Zhao Qi, Stettner Arion I, Reznik Ed, Paschalidis Ioannis Ch, Segrè Daniel
Department of Electrical and Computer Engineering, and Division of Systems Engineering, Boston University, Boston, MA, 02215, USA.
Department of Biomedical Engineering, Boston University, Boston, MA, 02215, USA.
Genome Biol. 2016 May 23;17(1):109. doi: 10.1186/s13059-016-0968-2.
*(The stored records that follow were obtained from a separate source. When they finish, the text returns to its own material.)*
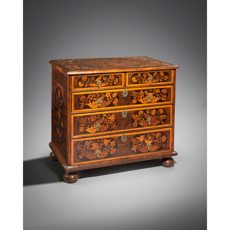A WILLIAM AND MARY OYSTER VENEERED AND MARQUETRY CHEST
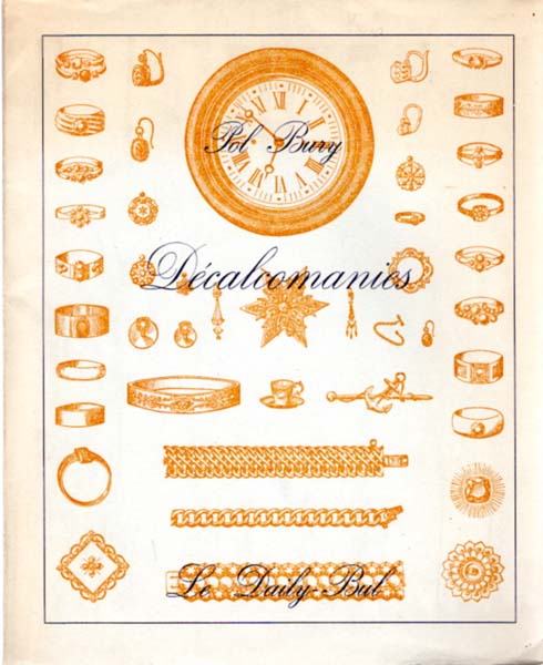 Bury, Pol: Decalcomanies. Le Daily-Bul. La Louviére. Le Daily-Bul. 1970. 27 x 22 cm. 70 unpaginierte Blatt. OKarton mit Klappenumschlag. Umschlag teils etwas gebräunt, sonst gutes Exemplar. Nummer 179 / 500 nummerierten Exemplaren (gesamt 537). Mit 18 ganzseitigen Illustrationsfolgen versehen, der Druck der Illustrationen in Blau, Grün, Gelb, Ocker und Lila.
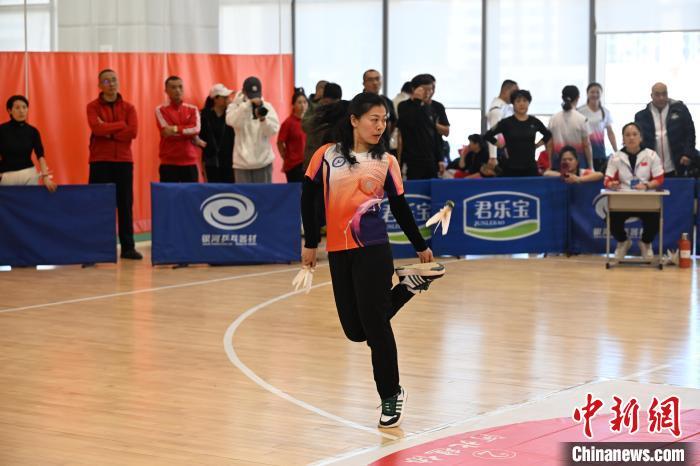 1月14日,在京津冀毽球邀请赛比赛现场,运动员们进行个人规定动作(盘踢)、集体接力计数赛、健身毽球男女混合五人围踢等9个项目的比赛。 耿辉 摄
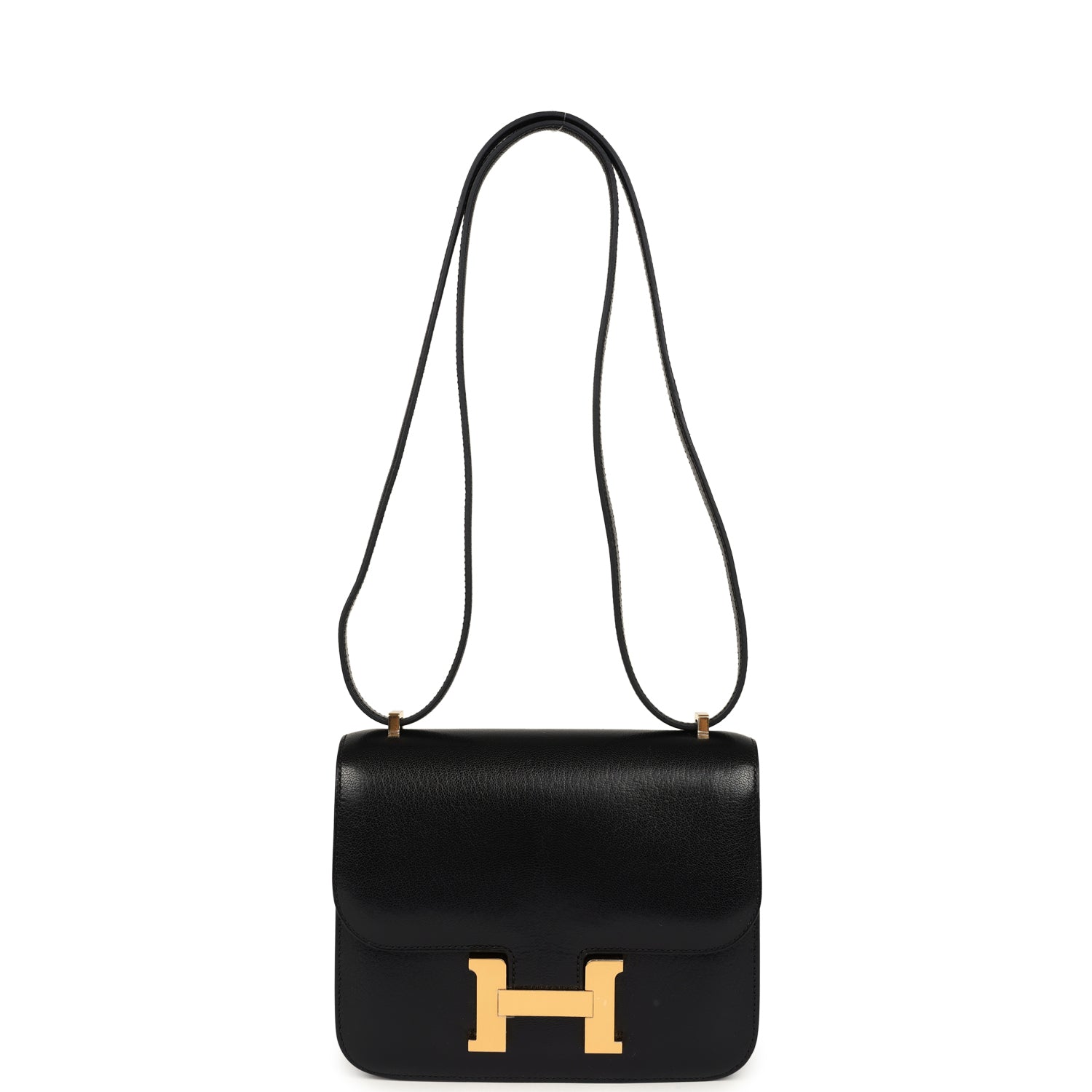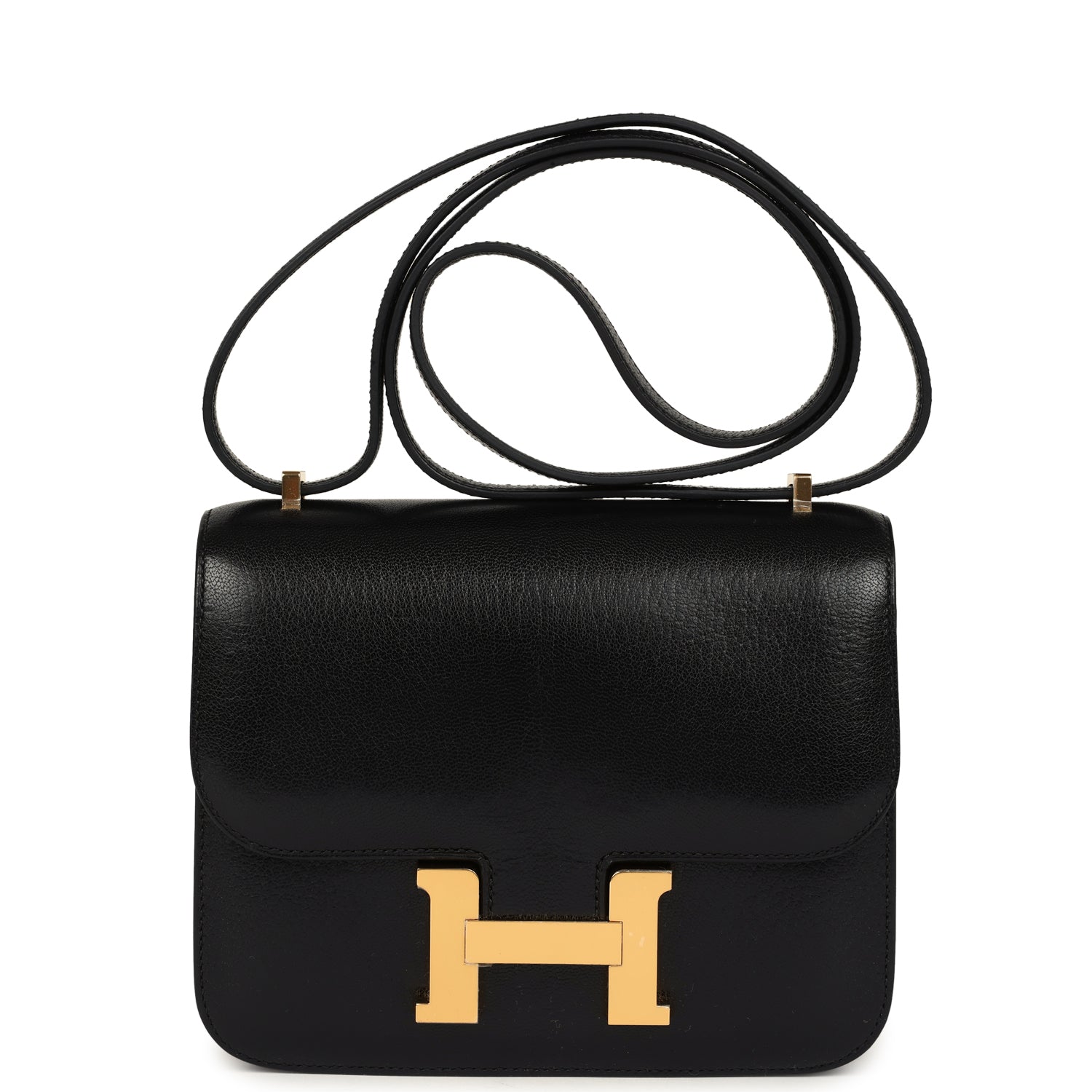 This Constance is inBlackchevre chamkila leatherwith gold hardware and hastonal stitching, ametal “H” snap lock closure and adjustable shoulder strap.
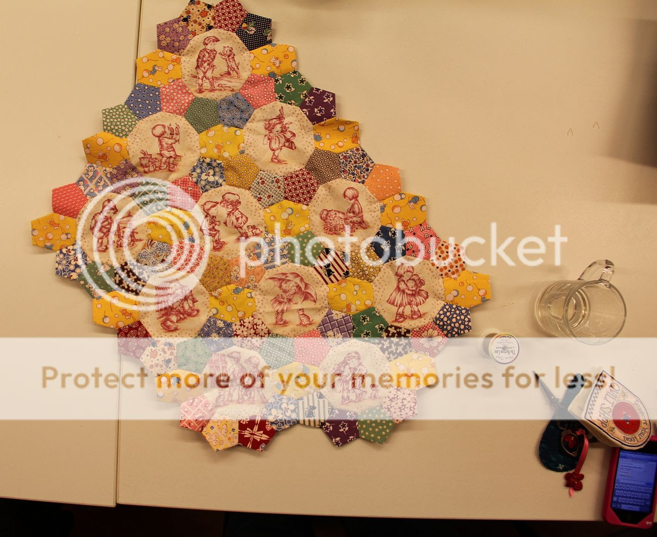 Die quiltdames op stof, wat een leuk patroon. Voor die verloting doe ik graag mee, jouw Moeder maakt zulke mooie gekleurde lapjes, daar kun je alleen maar van gaan kwijlen, lapje ligt al klaar (om de druppels op te vangen!)

Genome-scale flux balance models of metabolism provide testable predictions of all metabolic rates in an organism, by assuming that the cell is optimizing a metabolic goal known as the objective function. We introduce an efficient inverse flux balance analysis (invFBA) approach, based on linear programming duality, to characterize the space of possible objective functions compatible with measured fluxes. After testing our algorithm on simulated E. coli data and time-dependent S. oneidensis fluxes inferred from gene expression, we apply our inverse approach to flux measurements in long-term evolved E. coli strains, revealing objective functions that provide insight into metabolic adaptation trajectories.
代谢的基因组规模通量平衡模型通过假设细胞正在优化一个被称为目标函数的代谢目标,来提供对生物体中所有代谢率的可测试预测。我们基于线性规划对偶性引入了一种高效的逆通量平衡分析(invFBA)方法,以表征与测量通量兼容的可能目标函数的空间。在对模拟的大肠杆菌数据和从基因表达推断出的随时间变化的嗜水栖热袍菌通量进行算法测试后,我们将逆方法应用于长期进化的大肠杆菌菌株的通量测量,揭示了能够深入了解代谢适应轨迹的目标函数。